Running Tasks and Managing Workflows

A workflow object is used to orchestrate tasks and define a task pipeline.

NB: the workflow object is new preferred way of interacting with workflow. Alternatively, legacy workflow describes the old way which might help understand better how everything works.

Define a workflow object

Workflow object can be defined by passing the default task and the parameters for the pipeline. Both the arguments are optional.

flow = d6tflow.Workflow(Task1, params)
flow = d6tflow.Workflow(Task1) # use default params

Note you want to pass the task definition, not an instantiated task.

import tasks
flow = d6tflow.Workflow(tasks.Task1) # yes
flow = d6tflow.Workflow(tasks.Task1()) # no

Previewing Task Execution Status

Running a task will automatically run all the upstream dependencies. Before running a workflow, you can preview which tasks will be run.

flow.preview() # default task
flow.preview(TaskTrain) # single task
flow.preview([TaskPreprocess,TaskTrain]) # multiple tasks

Running Multiple Tasks as Workflows

To run all tasks in a workflow, run the downstream task you want to complete. It will check if all the upstream dependencies are complete and if not it will run them intelligently for you.

flow.run() # default task
flow.run(TaskTrain) # single task
flow.run([TaskPreprocess,TaskTrain]) # multiple tasks

If your tasks are already complete, they will not rerun. To force rerunning of all tasks but there are better alternatives, see below.

flow.run(forced_all_upstream=True, confirm=False) # use flow.reset() instead

How is a task marked complete?

Tasks are complete when task output exists. This is typically the existance of a file, database table or cache. See Task I/O Formats how task output is stored to understand what needs to exist for a task to be complete.

flow.get_task().complete() # status
flow.get_task().output().path # where is output saved?
flow.get_task().output()['output1'].path # multiple outputs

Task Completion with Parameters

If a task has parameters, it needs to be run separately for each parameter to be complete when using different parameter settings. The d6tflow.WorkflowMulti helps you do that

flow = d6tflow.WorkflowMult(Task1, {'flow1':{'preprocess':False},'flow2':{'preprocess':True}})
flow.run() # will run all flow with all parameters

Disable Dependency Checks

By default, for a task to be complete, it checks if all dependencies are complete also, not just the task itself. To check if just the task is complete without checking dependencies, set d6tflow.settings.check_dependencies=False

flow.reset(TaskGetData, confirm=False)
d6tflow.settings.check_dependencies=True # default
flow.preview() # TaskGetData is pending so all tasks are pending
'''
└─--[TaskTrain-{'do_preprocess': 'True'} (PENDING)]
   └─--[TaskPreprocess-{'do_preprocess': 'True'} (PENDING)]
      └─--[TaskGetData-{} (PENDING)]
'''
d6tflow.settings.check_dependencies=False # deactivate dependency checks
flow.preview()
└─--[TaskTrain-{'do_preprocess': 'True'} (COMPLETE)]
   └─--[TaskPreprocess-{'do_preprocess': 'True'} (COMPLETE)]
      └─--[TaskGetData-{} (PENDING)]
d6tflow.settings.check_dependencies=True # set to default

Debugging Failures

If a task fails, it will show the stack trace. You need to look further up in the stack trace to find the line that caused the error. You can also set breakpoints in the task obviously.

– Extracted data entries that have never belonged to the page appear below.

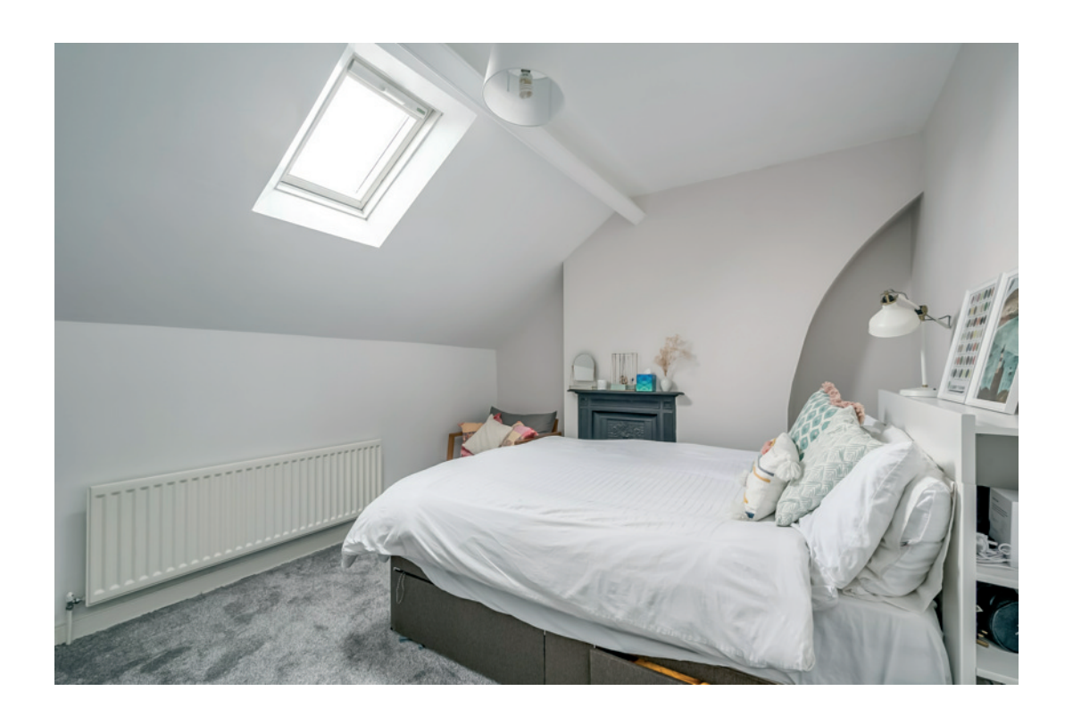
BEDROOM (4): 11' 0" x 8' 6" (3.35m x 2.59m) Skylight.

BEDROOM (3): 14' 9" x 11' 1" (4.5m x 3.38m) Skylight. Feature fireplace.
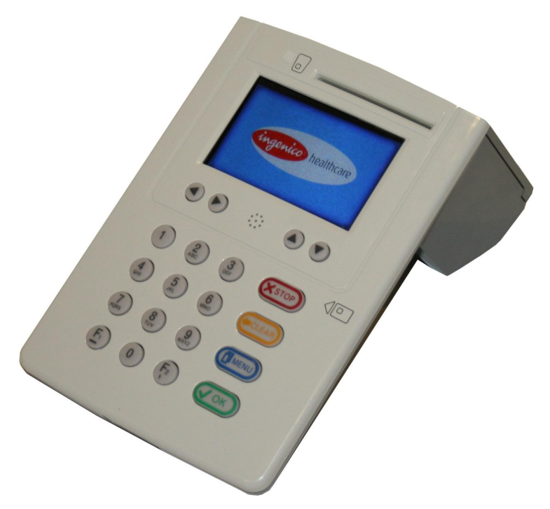
Figure 1.1 ORGA 6141

The Target of Evaluation (TOE) described in this Security Target is a smart card terminal which fulfils the requirements to be used with the German electronic Health Card (eHC) and the German Health Professional Card (HPC) based on the regulations of the German healthcare system. Please refer to [7] for further information about card compatibility.
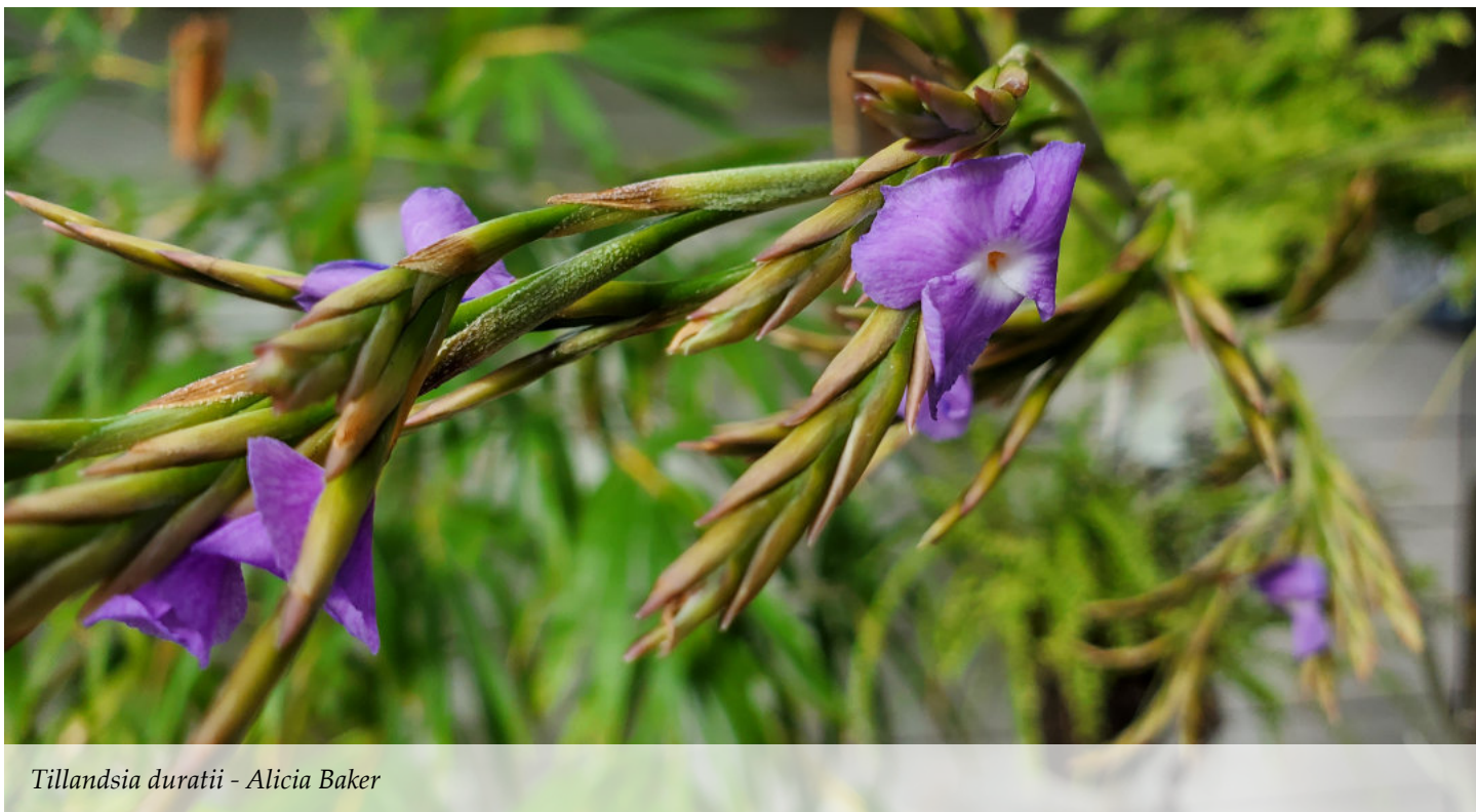
Tillandsia duratii - Alicia Baker

File "tasks.py", line 37, in run => error is here
    1/0
ZeroDivisionError: division by zero

[...] => look further up to find error

===== d6tflow Execution Summary =====
Scheduled 2 tasks of which:
* 1 complete ones were encountered:
    - 1 TaskPreprocess(do_preprocess=True)
* 1 failed:
    - 1 TaskTrain(do_preprocess=True)
This progress looks :( because there were failed tasks
===== d6tflow Execution Summary =====

 File
     raise RuntimeError('Exception found running flow, check trace')
RuntimeError: Exception found running flow, check trace

=> look further up to find error

Rerun Tasks When You Make Changes

You have several options to force tasks to reset and rerun. See sections below on how to handle parameter, data and code changes.

# preferred way: reset single task, this will automatically run all upstream dependencies
flow.reset(TaskGetData, confirm=False) # remove confirm=False to avoid accidentally deleting data

# force execution including upstream tasks
flow.run([TaskTrain()],forced_all=True, confirm=False)

# force run everything
flow.run(forced_all_upstream=True, confirm=False)

When to reset and rerun tasks?

Typically you want to reset and rerun tasks when:

  • parameters changed
  • data changed
  • code changed

Handling Parameter Change

As long as the parameter is defined in the task, d6tflow will automatically rerun tasks with different parameters.

flow = d6tflow.WorkflowMult(Task1, {'flow1':{'preprocess':False},'flow2':{'preprocess':True}})
flow.run() # executes 2 flows, one for each task

For d6tflow to intelligently figure out which tasks to rerun, the parameter has to be defined in the task. The downstream task (TaskTrain) has to pass on the parameter to the upstream task (TaskPreprocess).

class TaskGetData(d6tflow.tasks.TaskPqPandas):
# no parameter dependence

class TaskPreprocess(d6tflow.tasks.TaskCachePandas):  # save data in memory
    do_preprocess = d6tflow.BoolParameter(default=True) # parameter for preprocessing yes/no

@d6tflow.requires(TaskPreprocess)
class TaskTrain(d6tflow.tasks.TaskPickle):
    # pass parameter upstream
    # no need for to define it again: do_preprocess = d6tflow.BoolParameter(default=True)

See [d6tflow docs for handling parameter inheritance](https://d6tflow.readthedocs.io/en/stable/api/d6tflow.util.html#using-inherits-and-requires-to-ease-parameter-pain)

Default Parameter Values in Config

As an alternative to inheriting parameters, you can define defaults in a config files. When you change the config it will automatically rerun tasks.

class TaskPreprocess(d6tflow.tasks.TaskCachePandas):
    do_preprocess = d6tflow.BoolParameter(default=cfg.do_preprocess) # store default in config

Handling Data Change

Premium feature, request access at https://pipe.databolt.tech/gui/request-premium/. You can manually reset tasks if you know your data has changed.

Handling Code Change

Premium feature, request access at https://pipe.databolt.tech/gui/request-premium/. You can manually reset tasks if you know your code has changed.

Forcing a Single Task to Run

You can always run single tasks by calling the run() function. This is useful during debugging. However, this will only run this one task and not take care of any downstream dependencies.

# forcing execution
flow.get_task().run()
# or
TaskTrain().run()

Hiding Execution Output

By default, the workflow execution summary is shown, because it shows important information which tasks were run and if any failed. At times, eg during deployment, it can be desirable to not show the execution output.

d6tflow.settings.execution_summary = False # global
# or
flow.run(execution_summary=False) # at each run

While typically not necessary, you can control change the log level to see additional log data. Default is WARNING. It is a global setting, modify before you execute d6tflow.run().

d6tflow.settings.log_level = 'WARNING' # 'DEBUG', 'INFO', 'WARNING', 'ERROR', 'CRITICAL'